Lawmakers will be gathering in August for a special session to re-draw legislative maps. High attendance at recent public hearings suggests voters are watching the process closely. Indeed, some Georgians are still simmering over how districts were drawn in the past.
While public meetings are often dry, that's not the case with the redistricting meetings. State officials began holding the meetings around the state last month.
At a recent hearing in Athens, about 150 people crowded into an old chapel near downtown. Lynn Irwin-Brown of Rockdale County rose to speak, and said the urban precincts of her district have drowned out the rural ones.
“We need a voice and we need to be heard now,” she said. “Please help us.”
At an Augusta meeting, Dave Barbee told legislators not to draw the oddly-shaped districts that emerged in other redistricting sessions.
“Fellows, you saw the old map,” he said to legislators. “To get to the 10th district, I had to drive through the 12th. There’s no sense in that.”
And then there’s partisanship, which Earl Cheal of Harris County brought up at a Columbus meeting.
“I’ve seen indications where the Republicans want to redistrict to make it more to their advantage and I disagree with that,” he said. “I think we need to do it independently so that it’s fair.”
And Cheal is a Republican. Fairness is critical because the stakes are so high.
Redistricting occurs each decade to reflect population shifts, and voters are typically stuck with their redrawn districts for ten years.
This year, the stakes are even higher.
Republicans are handling redistricting for the first time in the state’s history. And Georgia will gain a congressional seat because it added 1.5 million residents in the last decade.
Charles Bullock, a professor at the University of Georgia, says the state’s booming Northern half will gain representation in both the General Assembly and the U.S. Congress at the expense of Georgia’s Southern half.
“In South Georgia some counties have actually lost population, other areas have stagnated,” he said in a phone interview. “So we continue to see this migration of legislators. Now it will be particularly pronounced when we look at what happens with the statehouse and to some extent the state Senate. But the region south of the gnat line will lose probably at least one Senate seat, and maybe four or so house seats.”
With so much at stake, people are worried about gerrymandering.
Speaking at a redistricting event in Atlanta, William Perry of the watchdog group, Common Cause Georgia, said redrawing the maps has become a political power-grab.
“Districts are drawn for the parties. And that’s both parties,” he said after the meeting. “We’re not talking either/or. Certainly the party in charge gets more benefit and has more districts drawn to their favor but both parties are guilty of creating districts that are for party, not people.”

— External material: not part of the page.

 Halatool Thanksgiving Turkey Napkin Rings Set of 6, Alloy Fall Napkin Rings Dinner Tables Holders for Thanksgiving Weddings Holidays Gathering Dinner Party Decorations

And once those districts are drawn, he said, it almost guarantees that they’re stacked in one party’s favor.
Politics aside, redrawing legislative maps isn’t easy. Lawmakers must draw districts to contain the same number of people.

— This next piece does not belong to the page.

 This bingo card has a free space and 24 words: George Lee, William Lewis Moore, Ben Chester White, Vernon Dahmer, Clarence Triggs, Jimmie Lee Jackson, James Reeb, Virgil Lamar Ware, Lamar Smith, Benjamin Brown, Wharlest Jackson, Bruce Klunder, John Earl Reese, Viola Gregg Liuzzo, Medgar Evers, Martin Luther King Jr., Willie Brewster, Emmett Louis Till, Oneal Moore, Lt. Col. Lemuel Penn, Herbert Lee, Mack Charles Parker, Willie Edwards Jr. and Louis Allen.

In some cases, the rule leads to unnatural boundaries. And districts often combine disparate areas, with a representative who lives far from many of his or her constituents.
Speaking at the Columbus meeting, Linda Harp said she knows that will increasingly be the future for South Georgia.
“The population is not here, so our districts continue to get bigger and there are fewer districts in this part of the state,” she said.
Ultimately, politics is the biggest obstacle. Historically, Democrats often drew districts to shore up their majority.
Rep. Roger Lane chairs the House redistricting committee. The Darien Republican says the top complaint he hears is:
“’Don’t do it like it’s been done in the past,’” he said.
Lane says this year will be different.
“The public has had enough of the districts being treated as if they were our districts,” he said in a phone interview. “They’re the people’s districts and that’s how they are going to be drawn: for the people.”
Voters, however, have heard promises of neutrality before. Former Republican Gov. Sonny Perdue created a redistricting taskforce. It recommended setting up a permanent independent commission to redraw legislative districts.
Bills to establish the commission have made it to the legislature. But state lawmakers have never scheduled a vote.
INFO: The public redistricting meetings continue this week, with events in Macon and Stockbridge.